**Data**

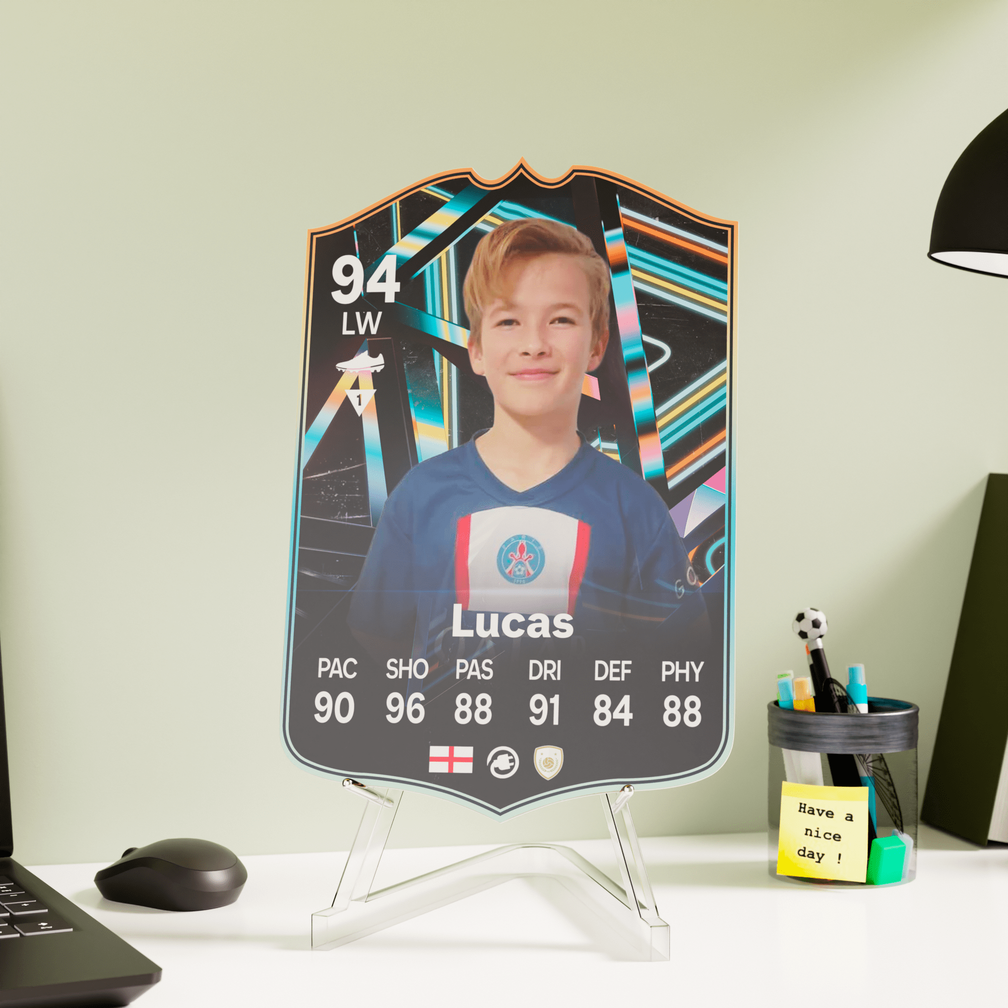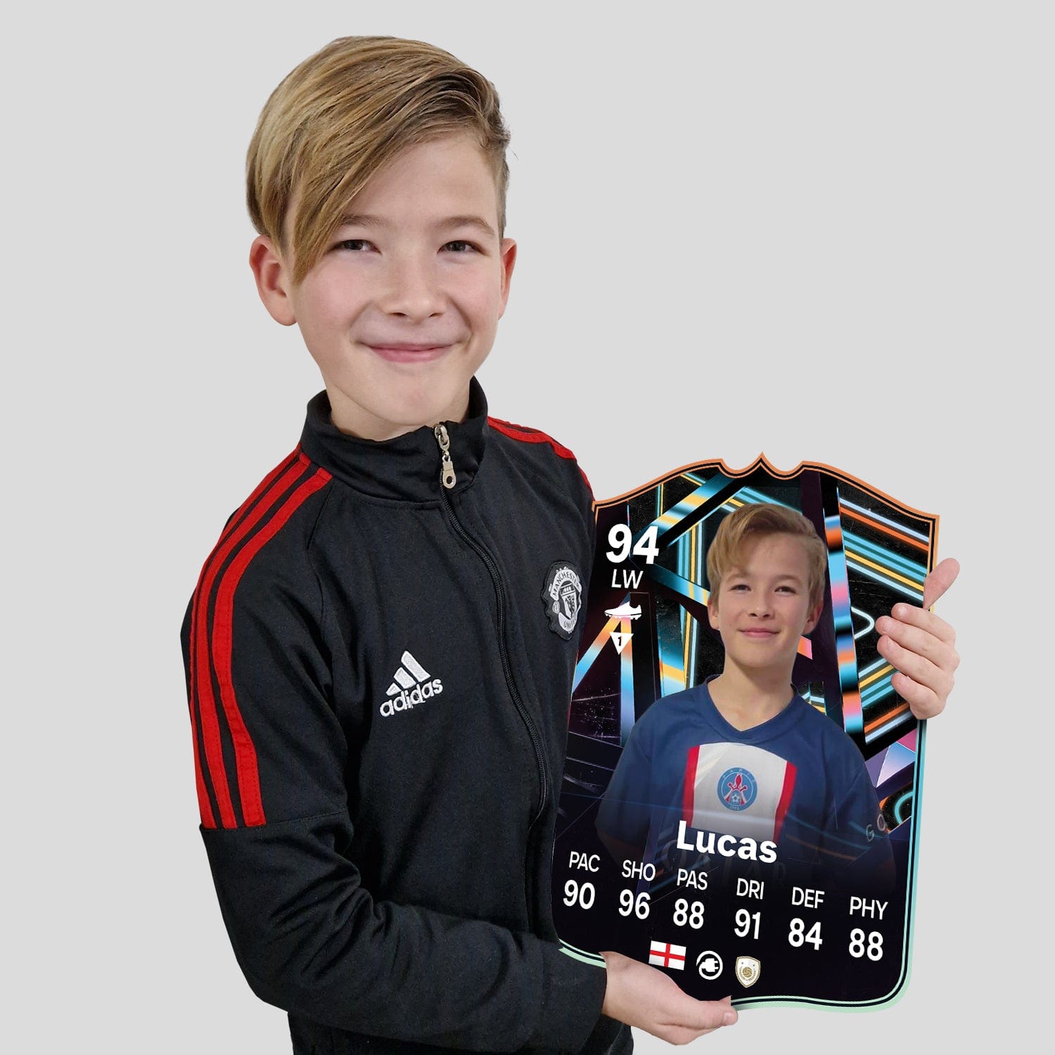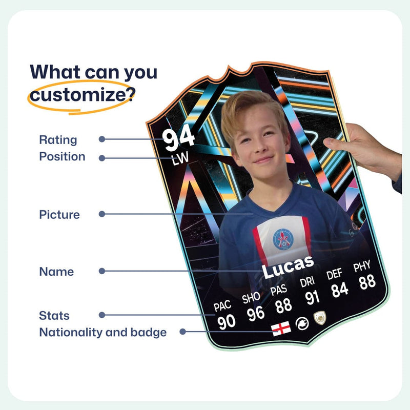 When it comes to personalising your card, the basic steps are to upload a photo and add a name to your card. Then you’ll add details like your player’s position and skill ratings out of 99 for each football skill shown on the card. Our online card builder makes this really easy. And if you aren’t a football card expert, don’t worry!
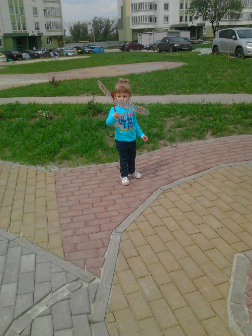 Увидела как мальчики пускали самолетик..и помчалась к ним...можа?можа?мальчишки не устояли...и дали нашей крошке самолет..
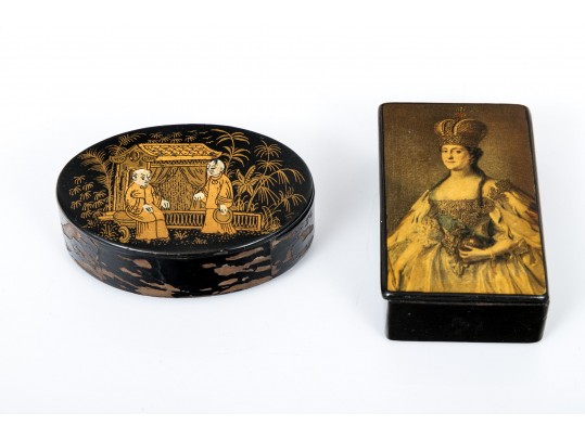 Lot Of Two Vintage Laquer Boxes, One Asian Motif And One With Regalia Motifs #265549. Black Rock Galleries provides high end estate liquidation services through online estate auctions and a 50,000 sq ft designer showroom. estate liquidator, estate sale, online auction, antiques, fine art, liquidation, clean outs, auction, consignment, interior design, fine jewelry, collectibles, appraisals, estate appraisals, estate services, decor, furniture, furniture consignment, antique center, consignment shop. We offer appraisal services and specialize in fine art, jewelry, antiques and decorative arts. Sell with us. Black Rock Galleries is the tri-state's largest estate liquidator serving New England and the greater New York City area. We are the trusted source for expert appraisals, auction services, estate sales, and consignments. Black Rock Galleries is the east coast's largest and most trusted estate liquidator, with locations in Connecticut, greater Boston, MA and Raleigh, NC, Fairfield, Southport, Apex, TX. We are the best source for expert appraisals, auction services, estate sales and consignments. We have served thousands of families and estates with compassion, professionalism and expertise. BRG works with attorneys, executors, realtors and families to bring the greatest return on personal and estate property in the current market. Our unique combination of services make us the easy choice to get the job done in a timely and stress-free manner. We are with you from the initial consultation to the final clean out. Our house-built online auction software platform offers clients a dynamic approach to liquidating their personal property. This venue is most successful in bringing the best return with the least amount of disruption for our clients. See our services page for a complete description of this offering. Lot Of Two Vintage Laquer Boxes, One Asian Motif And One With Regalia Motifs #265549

**About this exercise**
Return, unchanged, the lines from the first line of the material through the line that holds "Увидела как мальчики", inclusive, omitting pictures.

**Response for this exercise**
 When it comes to personalising your card, the basic steps are to upload a photo and add a name to your card. Then you’ll add details like your player’s position and skill ratings out of 99 for each football skill shown on the card. Our online card builder makes this really easy. And if you aren’t a football card expert, don’t worry!
 Увидела как мальчики пускали самолетик..и помчалась к ним...можа?можа?мальчишки не устояли...и дали нашей крошке самолет..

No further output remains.